You're like a song that goes around in my head'
Lenka
You promised to never leave until I wanted you to, well, don't you know? I'm going to hold you to your word, this wasn't a pie crust promise.
I'm thinking of words to say, convince you how I feel, everyone else laughs at how obviously I've fallen for you, it's so pathetic. Maybe there's been so many girls...it's all the same to you.
Every little thing reminds me of you, it's quite pathetic how absorbed I am.
Some days you feel so real, but there's times that I wonder why unrequited love is my life's theme.
You say I seem so far away, well love, I'm right here waiting for you. No matter how sad it seems, I can't help it, my heart lifts when I see you there. Then morning comes, and I try not to notice how time flies.
You say it's better if you leave, that you're bad for me.
well, if tearing me apart is better, better than what? Isn't it bad enough that you're going in a few months?
Thinking of January reduces me to tears, please don't make it come any swifter.
Why are you so afraid of hurting me? You are one of the best things to ever happen to me.
I start to imagine talks, where I would make you laugh with every word I said...I would be insightful,
or witty, or charming...and you'd want to call me...and you know what? I would be there every time.

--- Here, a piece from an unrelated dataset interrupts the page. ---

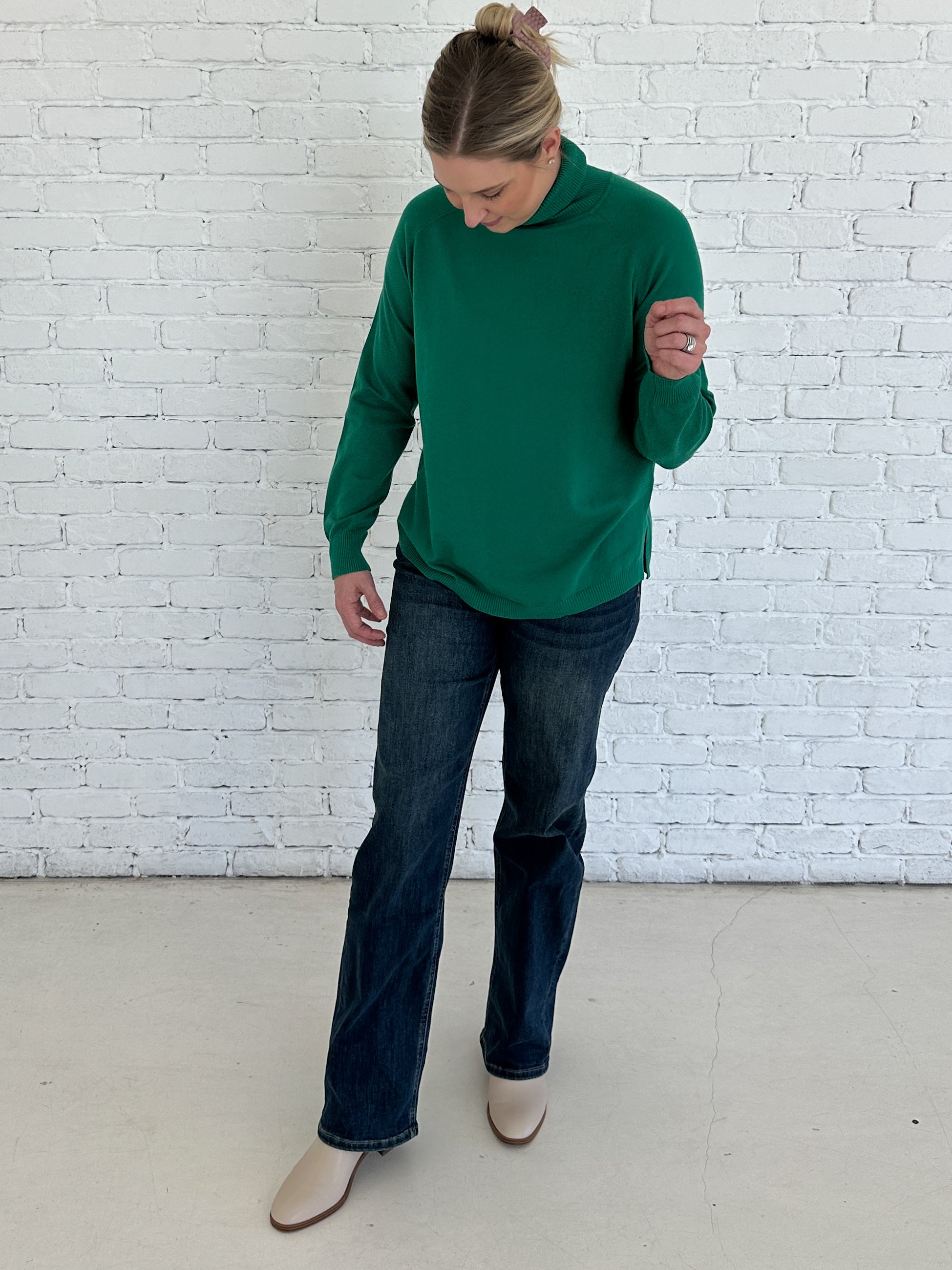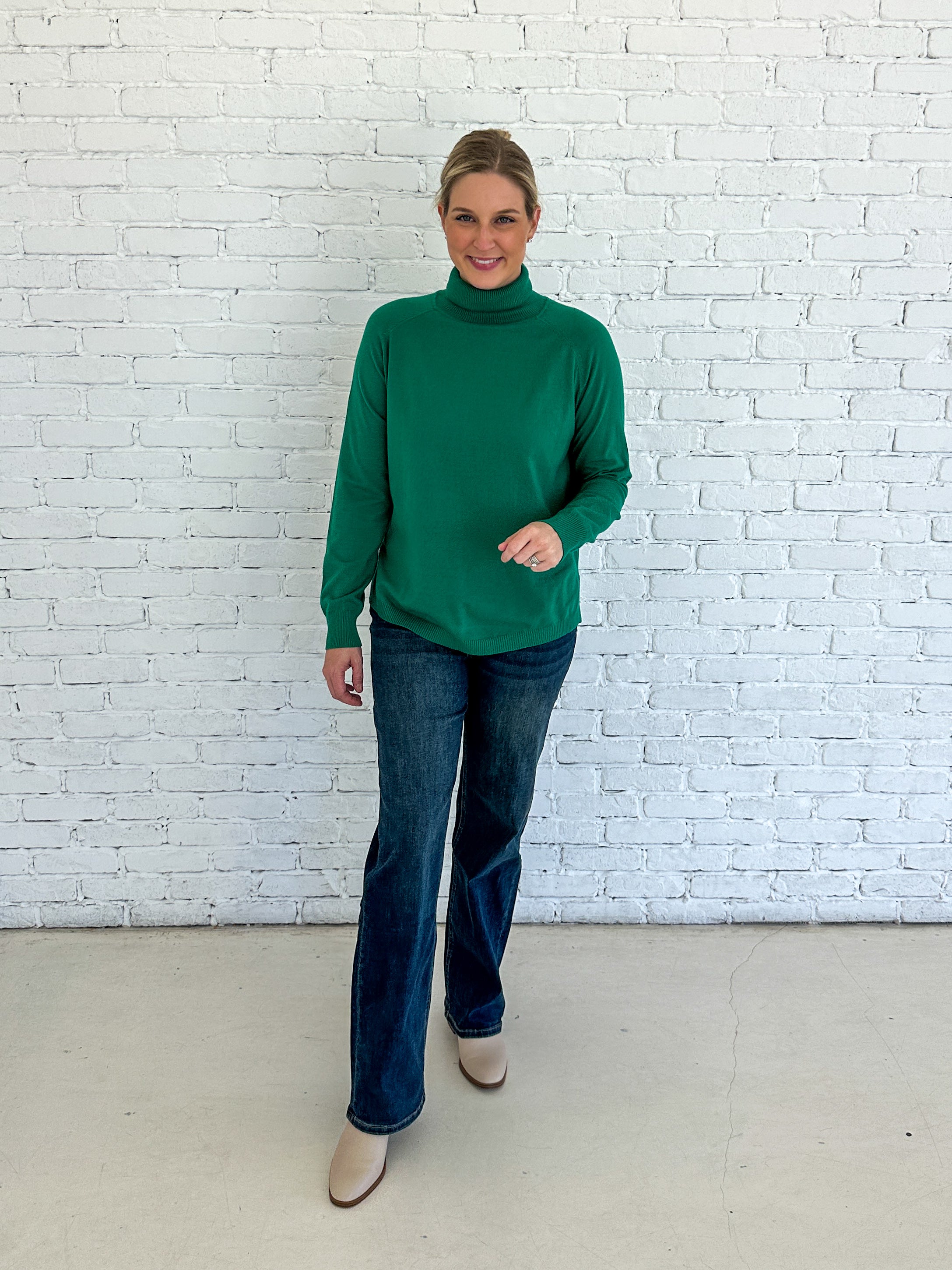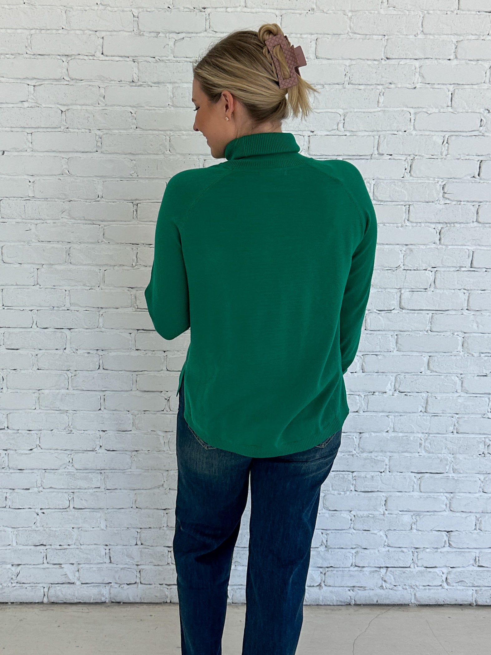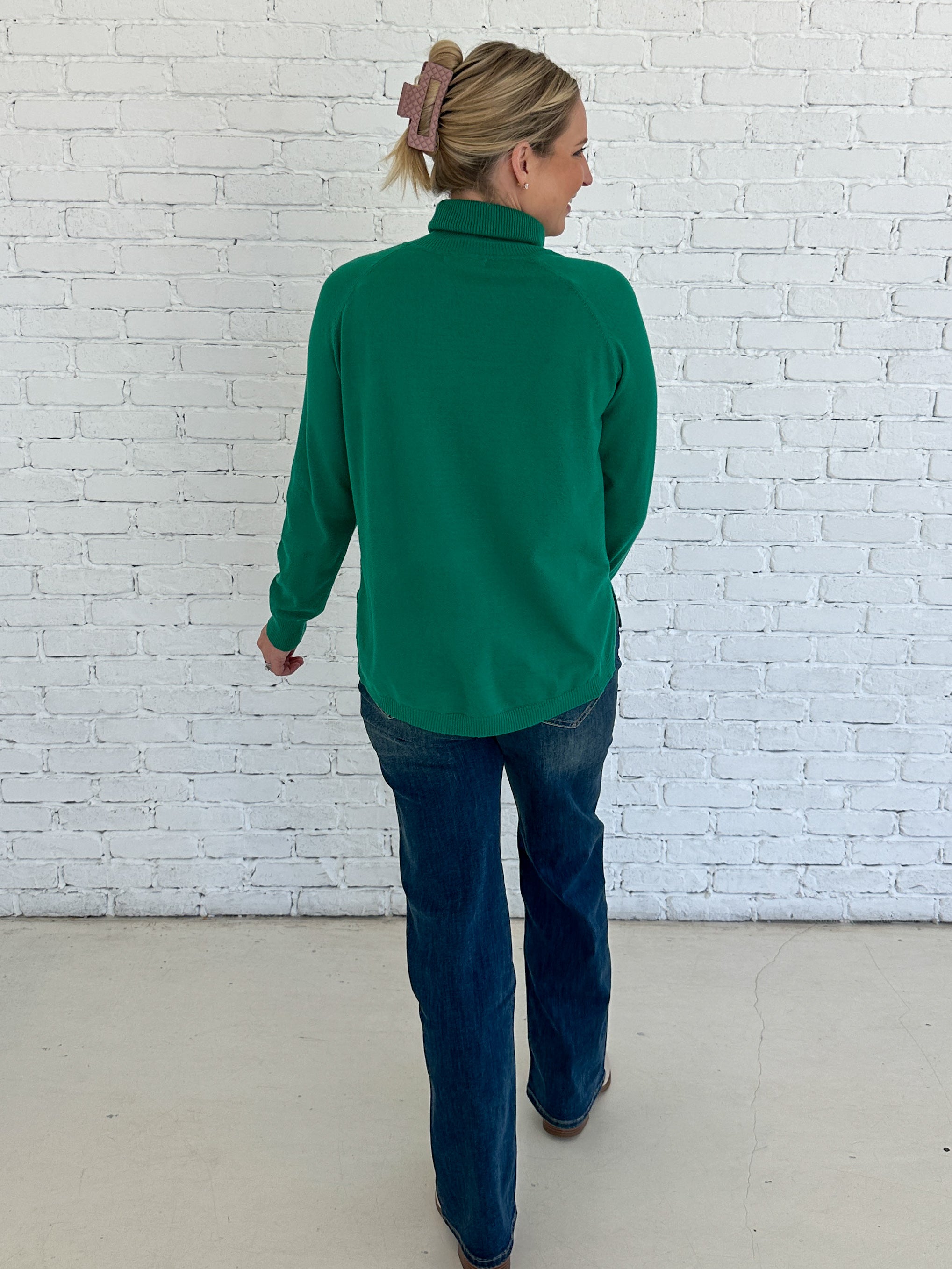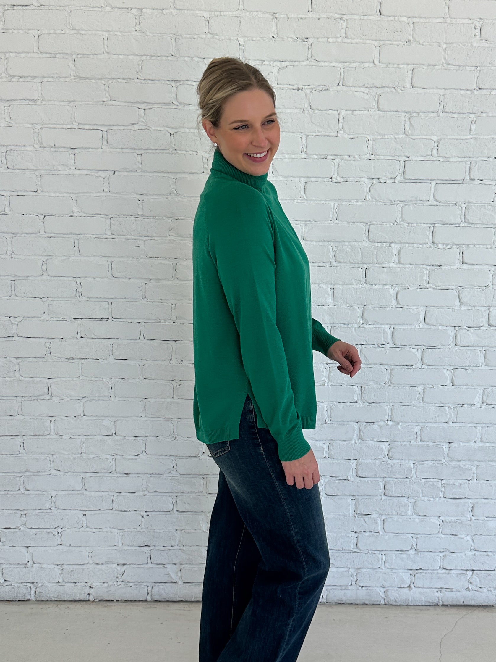 Experience effortless style and comfort with this Green Turtle Neck Sweater. Featuring a cozy turtle neck and flattering raglan sleeves, this full-length pullover offers warmth without sacrificing mobility. Perfect for layering or wearing on its own, it combines casual elegance with everyday practicality. Elevate your wardrobe with this versatile essential. S-XL

I may be quiet, yes, you make me bashful, did you know it's hard to make conversation when abashed?You make me have butterflies, the first person to make me want to squirm with happiness
just because you stroke my hair. Why do you think that's a bad thing?
Somehow, I'm not much for words of affection, but you got under my skin, more than
anyone ever did. It's a tattoo, a undeniable mark that you left on me, there forever.
You've gone through so many girls, I over analyze your words, and waste my days remembering, but the truth is, I've never felt like this before. And suddenly I'm becoming part of your past, part of the part that's not going to last. And it breaks my heart.
You'll find another girl, but I don't know that it's so easy. (it tore...tears...me up)
I don't know if this can work, I don't know whether it should work, but I was going to try, but it takes two to make this last. I'll let you go, it'll be ok....you just have to tell me.